Clinical trials of therapies for acute traumatic spinal cord injury (tSCI) have failed to convincingly demonstrate efficacy in improving neurologic function. Failing to acknowledge the heterogeneity of these injuries and under-appreciating the impact of the most important baseline prognostic variables likely contributes to this translational failure. Our hypothesis was that neurological level and severity of initial injury (measured by the American Spinal Injury Association Impairment Scale [AIS]) act jointly and are the major determinants of motor recovery. Our objective was to quantify the influence of these variables when considered together on early motor score recovery following acute tSCI. Eight hundred thirty-six participants from the Rick Hansen Spinal Cord Injury Registry were analyzed for motor score improvement from baseline to follow-up. In AIS A, B, and C patients, cervical and thoracic injuries displayed significantly different motor score recovery. AIS A patients with thoracic (T2-T10) and thoracolumbar (T11-L2) injuries had significantly different motor improvement. High (C1-C4) and low (C5-T1) cervical injuries demonstrated differences in upper extremity motor recovery in AIS B, C, and D. A hypothetical clinical trial example demonstrated the benefits of stratifying on neurological level and severity of injury. Clinically meaningful motor score recovery is predictably related to the neurological level of injury and the severity of the baseline neurological impairment.

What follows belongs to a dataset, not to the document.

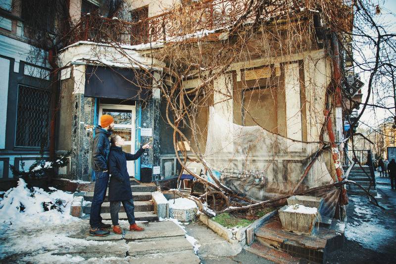 “Это помещение было пустым и заброшенным, его давно не сдавали в аренду. Но мы таки уговорили владельца встретиться с нами”, — говорит Катерина. В результате ребята таки заполучили желанную комнату площадью 49 кв. м. на первом этаже старинного особняка. Но она была в плачевном состоянии. Там даже не было потолка, лишь старые деревянные балки.

Stratifying clinical trial cohorts using a joint distribution of these two variables will enhance a studys chance of identifying a true treatment effect and minimize the risk of misattributed treatment effects. Clinical studies should stratify participants based on these factors and record the number of participants and their mean baseline motor scores for each category of this joint distribution as part of the reporting of participant characteristics. Improved clinical trial design is a high priority as new therapies and interventions for tSCI emerge.